[Task prompt]
With pictures excluded, give again exactly the lines running from the one holding "Out on the road, the" through the end of the listing below.

[Data]
Start of Block

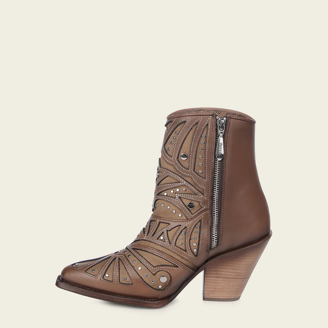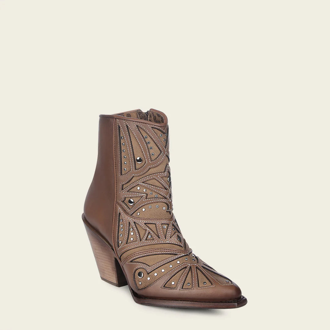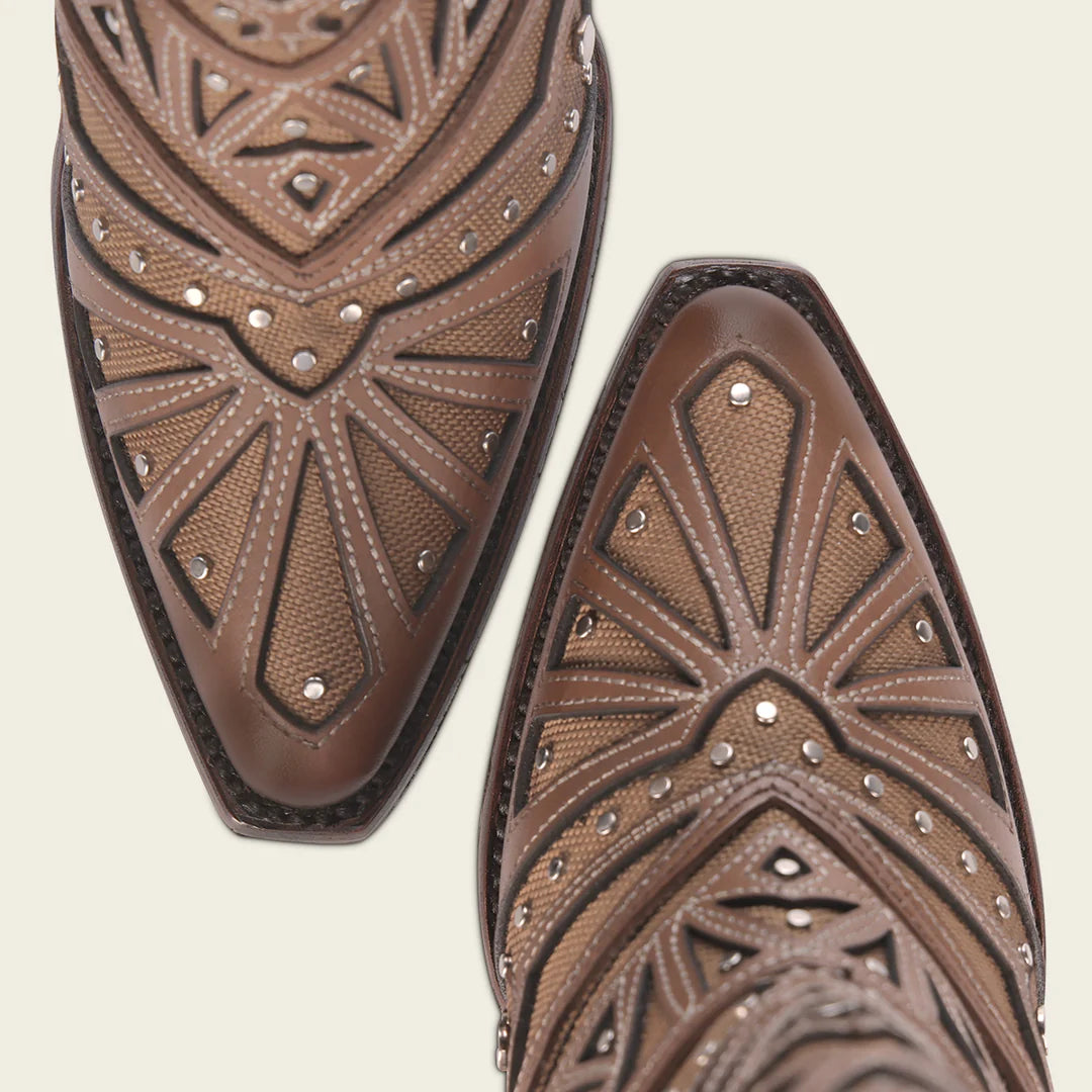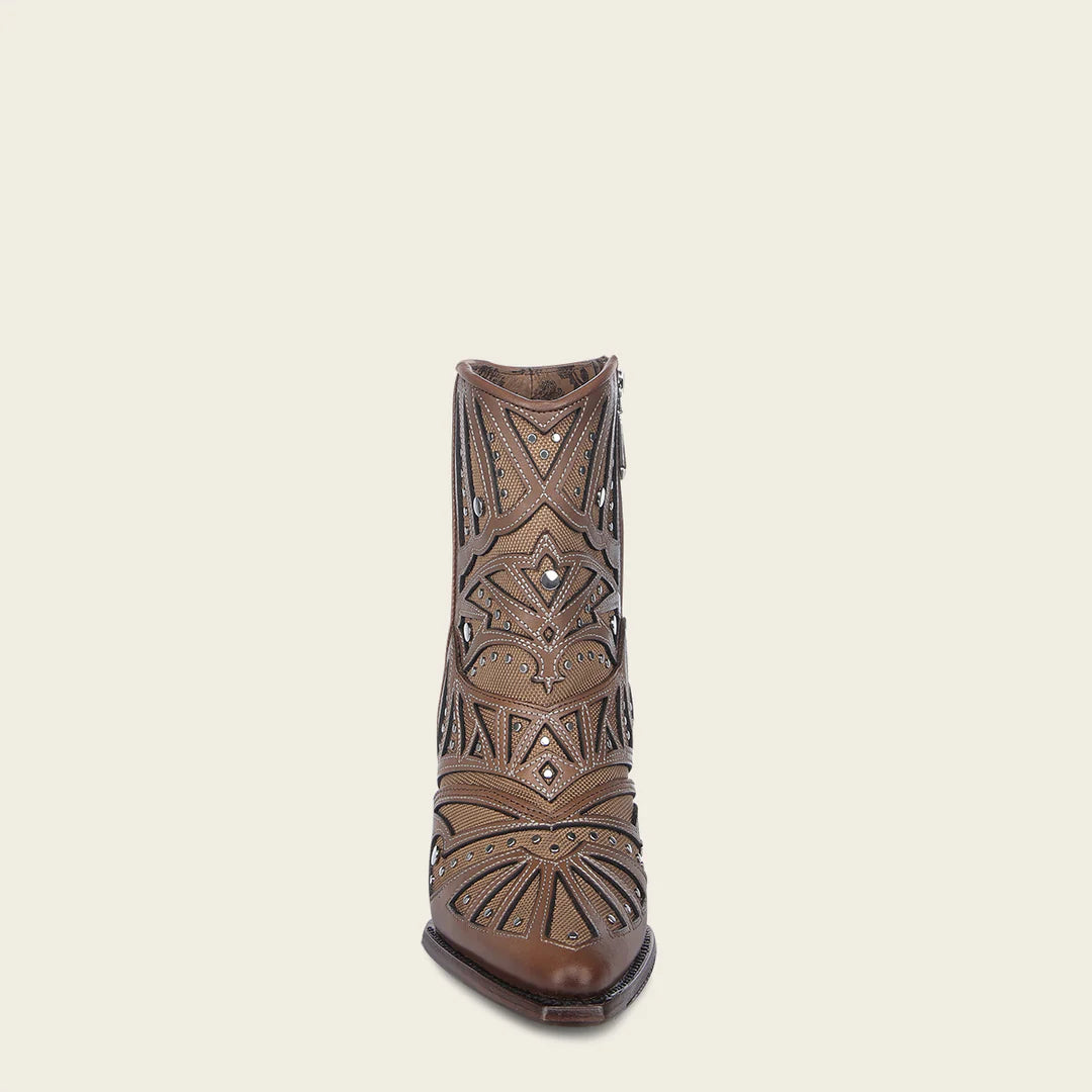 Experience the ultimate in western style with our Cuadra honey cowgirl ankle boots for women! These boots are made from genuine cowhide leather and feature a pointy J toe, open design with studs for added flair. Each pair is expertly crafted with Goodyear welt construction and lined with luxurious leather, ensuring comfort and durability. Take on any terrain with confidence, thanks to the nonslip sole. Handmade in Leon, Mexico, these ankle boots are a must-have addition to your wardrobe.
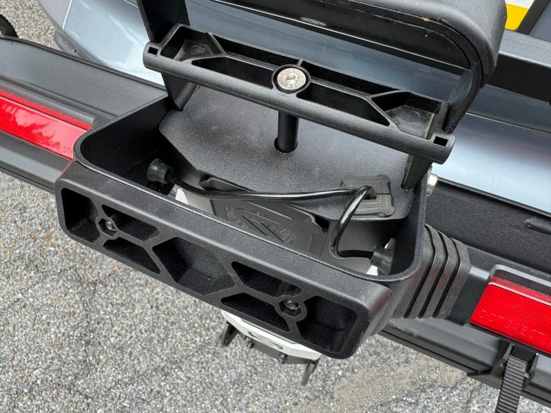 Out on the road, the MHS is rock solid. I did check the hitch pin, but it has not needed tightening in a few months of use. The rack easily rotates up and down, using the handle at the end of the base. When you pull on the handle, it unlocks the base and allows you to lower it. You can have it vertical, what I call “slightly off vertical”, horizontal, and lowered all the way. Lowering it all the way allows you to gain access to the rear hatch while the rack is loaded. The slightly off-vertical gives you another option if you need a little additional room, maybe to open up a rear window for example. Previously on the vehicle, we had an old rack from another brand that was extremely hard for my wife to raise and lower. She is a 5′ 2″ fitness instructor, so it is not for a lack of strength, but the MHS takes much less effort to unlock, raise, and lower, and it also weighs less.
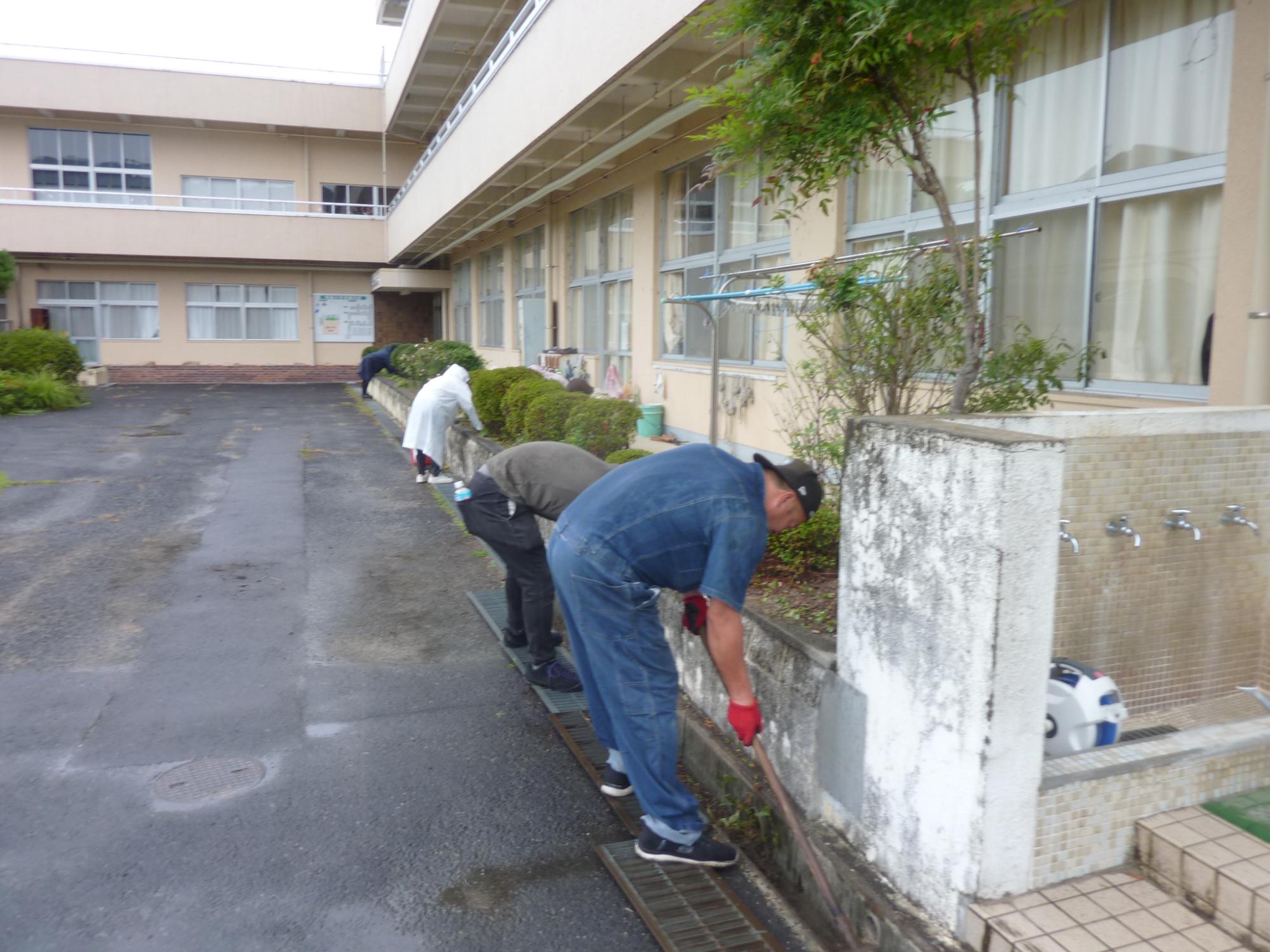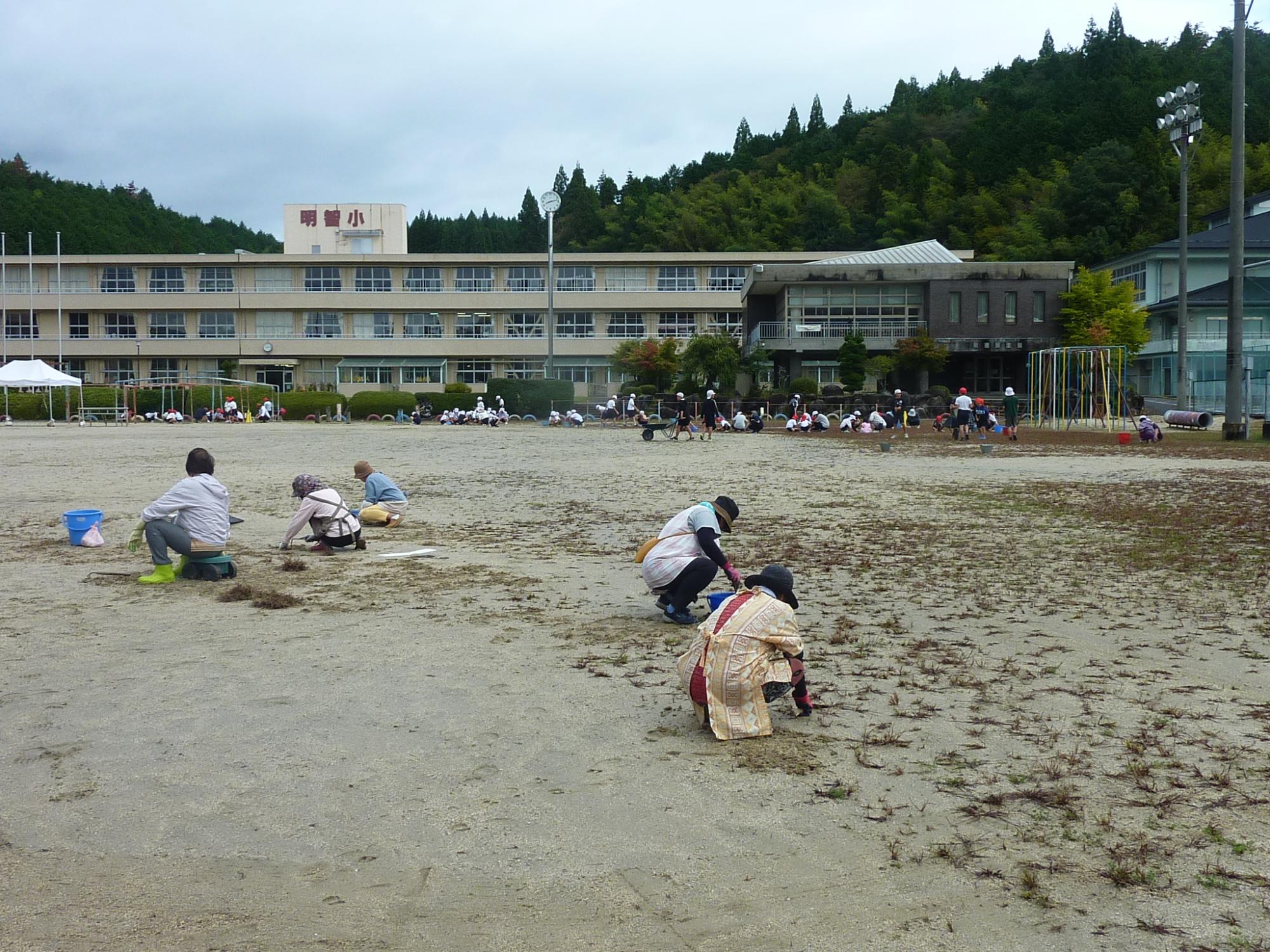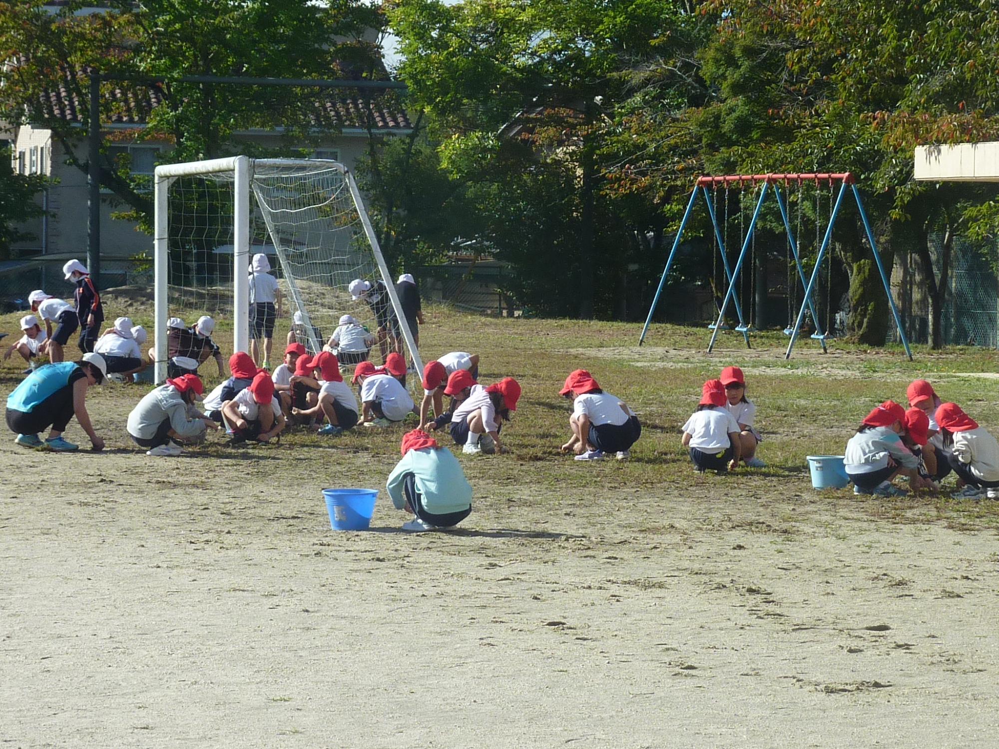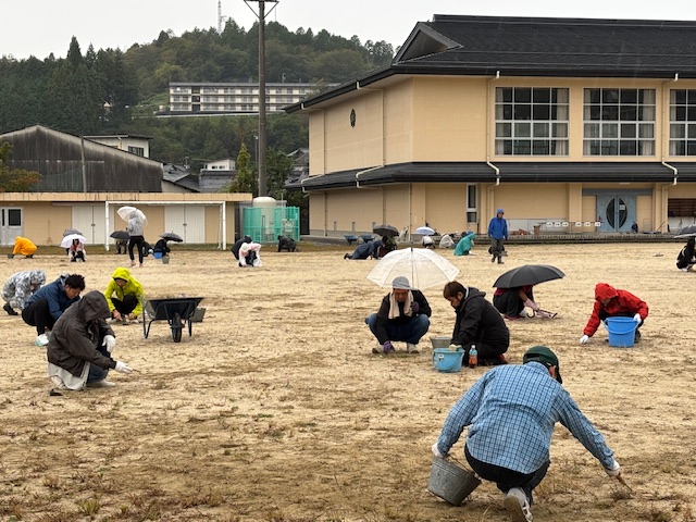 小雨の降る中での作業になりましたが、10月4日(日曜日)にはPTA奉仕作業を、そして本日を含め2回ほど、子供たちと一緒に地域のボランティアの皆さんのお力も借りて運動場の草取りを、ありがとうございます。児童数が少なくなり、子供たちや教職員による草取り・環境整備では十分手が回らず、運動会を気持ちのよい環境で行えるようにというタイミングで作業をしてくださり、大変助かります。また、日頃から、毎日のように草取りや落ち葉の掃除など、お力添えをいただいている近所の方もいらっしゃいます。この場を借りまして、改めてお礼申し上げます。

End of Block

[Task output]
 Out on the road, the MHS is rock solid. I did check the hitch pin, but it has not needed tightening in a few months of use. The rack easily rotates up and down, using the handle at the end of the base. When you pull on the handle, it unlocks the base and allows you to lower it. You can have it vertical, what I call “slightly off vertical”, horizontal, and lowered all the way. Lowering it all the way allows you to gain access to the rear hatch while the rack is loaded. The slightly off-vertical gives you another option if you need a little additional room, maybe to open up a rear window for example. Previously on the vehicle, we had an old rack from another brand that was extremely hard for my wife to raise and lower. She is a 5′ 2″ fitness instructor, so it is not for a lack of strength, but the MHS takes much less effort to unlock, raise, and lower, and it also weighs less.
 小雨の降る中での作業になりましたが、10月4日(日曜日)にはPTA奉仕作業を、そして本日を含め2回ほど、子供たちと一緒に地域のボランティアの皆さんのお力も借りて運動場の草取りを、ありがとうございます。児童数が少なくなり、子供たちや教職員による草取り・環境整備では十分手が回らず、運動会を気持ちのよい環境で行えるようにというタイミングで作業をしてくださり、大変助かります。また、日頃から、毎日のように草取りや落ち葉の掃除など、お力添えをいただいている近所の方もいらっしゃいます。この場を借りまして、改めてお礼申し上げます。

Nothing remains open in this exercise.